- Date: 21–27 August
- Edition: 16th
- Location: Manerbio, Italy

Champions

Singles
- Roberto Carballés Baena

Doubles
- Romain Arneodo / Hugo Nys
| Antonio Savoldi–Marco Cò – Trofeo Dimmidisì |

= 2017 Antonio Savoldi–Marco Cò – Trofeo Dimmidisì =

The 2017 Antonio Savoldi–Marco Cò – Trofeo Dimmidisì was a professional tennis tournament played on clay courts. It was the sixteenth edition of the tournament which was part of the 2017 ATP Challenger Tour. It took place in Manerbio, Italy between 21 and 27 August 2017.

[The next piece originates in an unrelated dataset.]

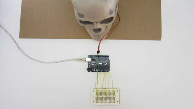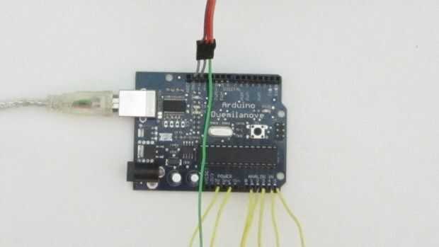 Ahora necesitas conectar el servo con Arduino. El servo tiene tres cables. El cable de tierra es normalmente negro o marrón. Esto se debe conectar a uno de los pines GND en el Arduino. El cable de señal suele ser amarillo, naranja o blanco. Esto debe conectarse a uno de los pines digitales en el Arduino. El cable positivo es típicamente rojo. Esto debe ser conectado al pin de 5V de Arduino. Lamentablemente hay un único pin de 5V de Arduino y que ya está siendo utilizado para alimentar los sensores de luz. Tan debe conectar este cable en el riel de alimentación positiva positiva en el protoboard.

==Singles main-draw entrants==

===Seeds===

| Country | Player | Rank^{1} | Seed |
|---|---|---|---|
| ESP | Guillermo García López | 136 | 1 |
| CZE | Adam Pavlásek | 138 | 2 |
| ESP | Roberto Carballés Baena | 141 | 3 |
| BEL | Arthur De Greef | 144 | 4 |
| GER | Oscar Otte | 146 | 5 |
| FRA | Mathias Bourgue | 152 | 6 |
| ESP | Tommy Robredo | 182 | 7 |
| ESP | Ricardo Ojeda Lara | 226 | 8 |

- ^{1} Rankings are as of 14 August 2017.

===Other entrants===
The following players received wildcards into the singles main draw:
- ITA Julian Ocleppo
- ITA Andrea Pellegrino
- ITA Gianluigi Quinzi
- ITA Andrea Vavassori

The following player received entry into the singles main draw as a special exempt:
- SWE Elias Ymer

The following player received entry into the singles main draw as an alternate:
- SRB Miljan Zekić

The following players received entry from the qualifying draw:
- ITA Federico Gaio
- ITA Gianluca Mager
- AUT Maximilian Neuchrist
- ITA Lorenzo Sonego

The following player received entry as a lucky loser:
- AUT Lenny Hampel

==Champions==

===Singles===

- ESP Roberto Carballés Baena def. ESP Guillermo García López 6–4, 2–6, 6–2.

===Doubles===

- MON Romain Arneodo / FRA Hugo Nys def. RUS Mikhail Elgin / CZE Roman Jebavý 4–6, 7–6^{(7–3)}, [10–5].